**Problem statement**
Everything in the data that follows should be given again verbatim, except the images.

**Information given**

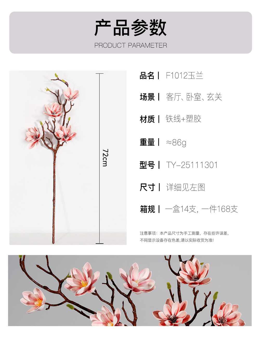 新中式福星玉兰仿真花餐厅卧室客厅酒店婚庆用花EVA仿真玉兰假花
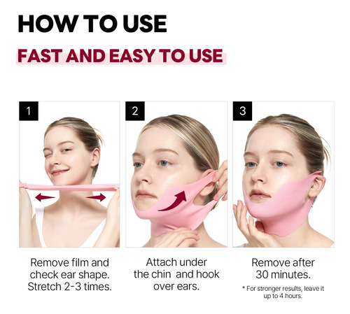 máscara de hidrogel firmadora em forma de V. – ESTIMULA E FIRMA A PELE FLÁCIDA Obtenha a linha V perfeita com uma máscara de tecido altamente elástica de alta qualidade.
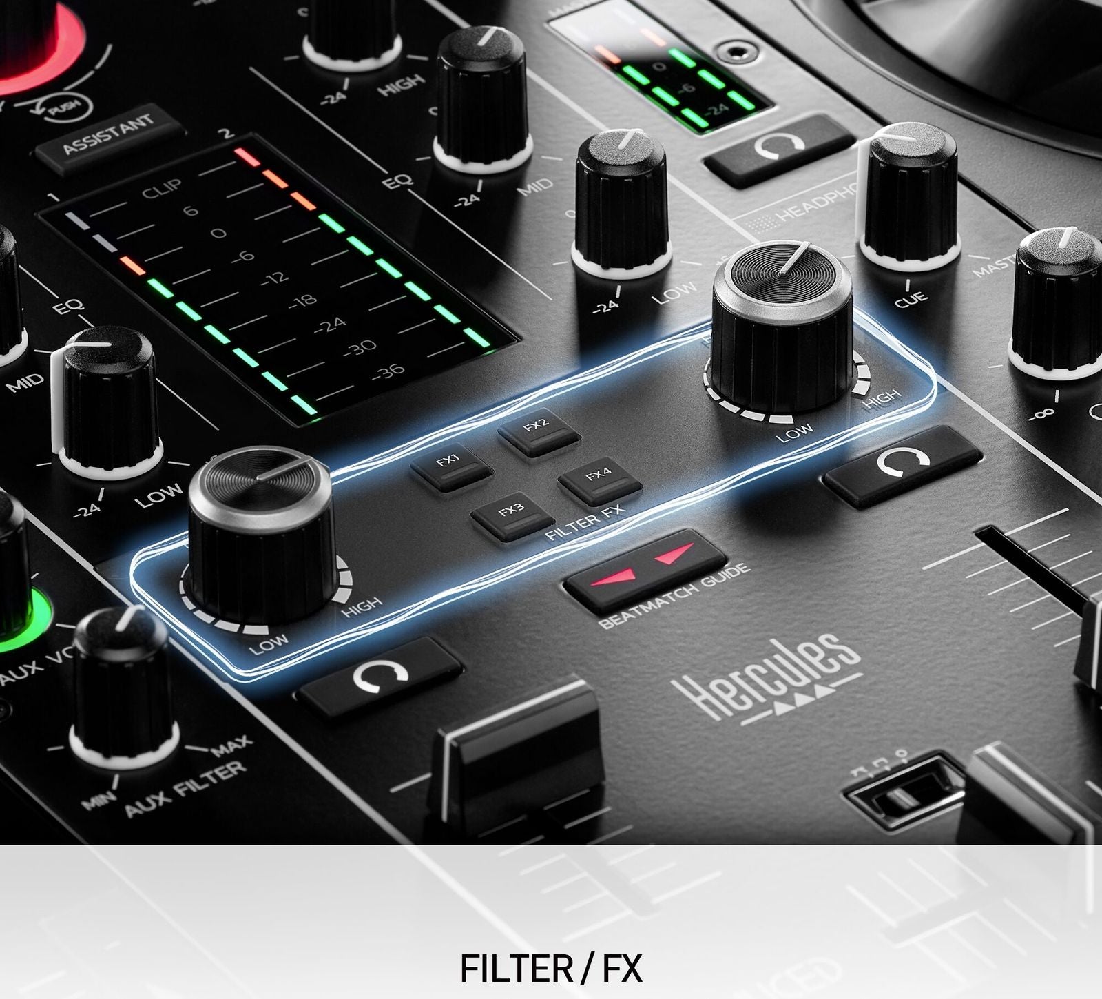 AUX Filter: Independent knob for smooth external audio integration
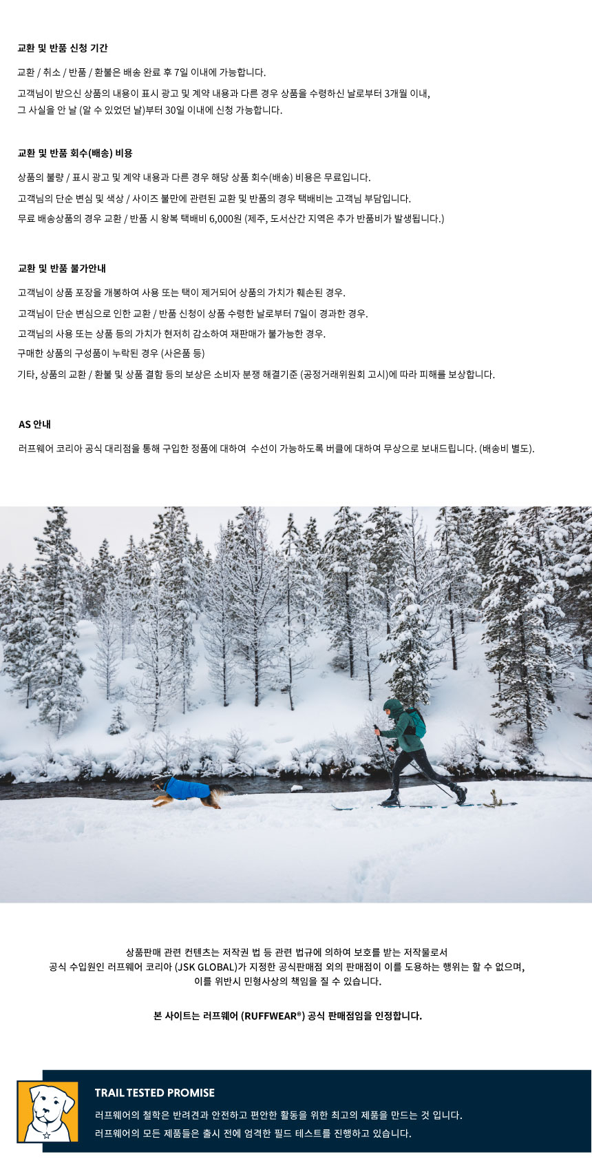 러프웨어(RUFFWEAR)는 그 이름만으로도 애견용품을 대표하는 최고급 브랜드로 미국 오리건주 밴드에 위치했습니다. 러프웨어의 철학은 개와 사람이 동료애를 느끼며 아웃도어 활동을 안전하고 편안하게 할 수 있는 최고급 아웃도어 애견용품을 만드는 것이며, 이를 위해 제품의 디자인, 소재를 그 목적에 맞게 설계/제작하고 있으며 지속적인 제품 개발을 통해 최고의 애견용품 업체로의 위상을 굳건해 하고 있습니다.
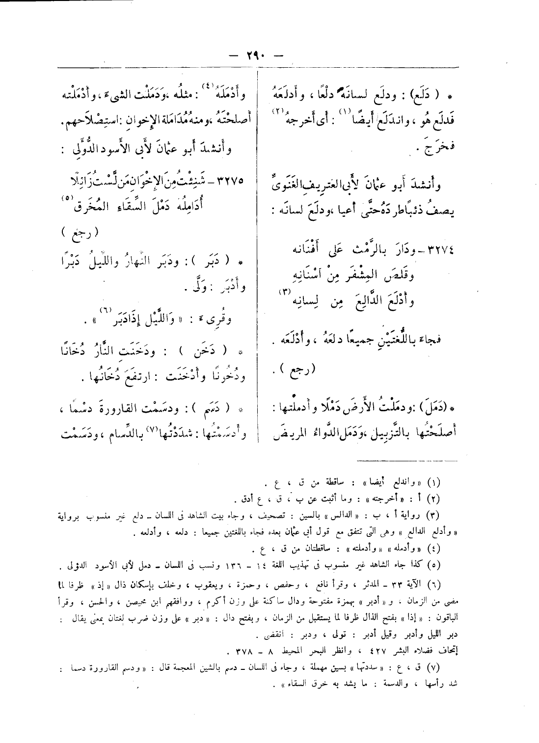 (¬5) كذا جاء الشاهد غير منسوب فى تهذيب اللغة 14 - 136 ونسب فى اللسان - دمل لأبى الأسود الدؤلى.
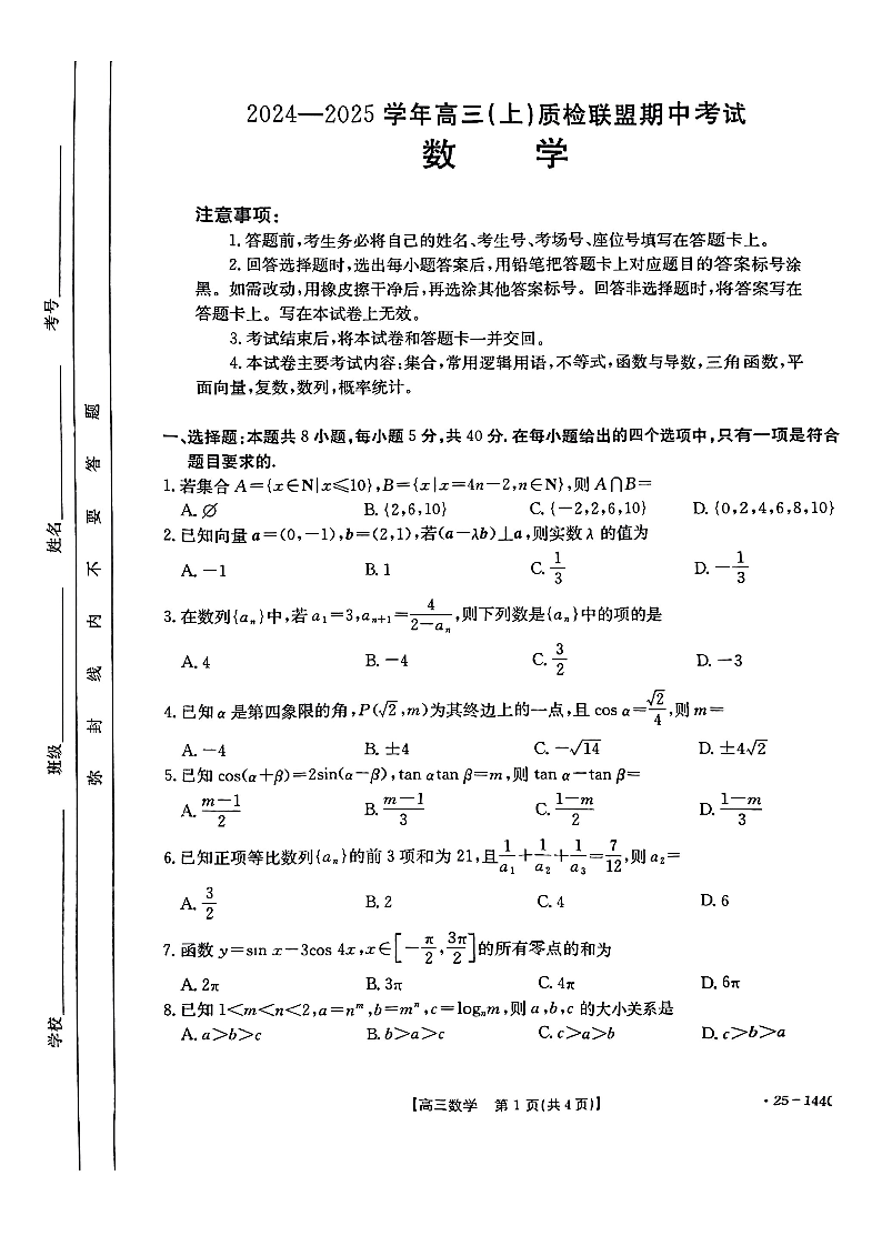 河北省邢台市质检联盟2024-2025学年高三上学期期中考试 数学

**Completed exercise**
 新中式福星玉兰仿真花餐厅卧室客厅酒店婚庆用花EVA仿真玉兰假花
 máscara de hidrogel firmadora em forma de V. – ESTIMULA E FIRMA A PELE FLÁCIDA Obtenha a linha V perfeita com uma máscara de tecido altamente elástica de alta qualidade.
 AUX Filter: Independent knob for smooth external audio integration
 러프웨어(RUFFWEAR)는 그 이름만으로도 애견용품을 대표하는 최고급 브랜드로 미국 오리건주 밴드에 위치했습니다. 러프웨어의 철학은 개와 사람이 동료애를 느끼며 아웃도어 활동을 안전하고 편안하게 할 수 있는 최고급 아웃도어 애견용품을 만드는 것이며, 이를 위해 제품의 디자인, 소재를 그 목적에 맞게 설계/제작하고 있으며 지속적인 제품 개발을 통해 최고의 애견용품 업체로의 위상을 굳건해 하고 있습니다.
 (¬5) كذا جاء الشاهد غير منسوب فى تهذيب اللغة 14 - 136 ونسب فى اللسان - دمل لأبى الأسود الدؤلى.
 河北省邢台市质检联盟2024-2025学年高三上学期期中考试 数学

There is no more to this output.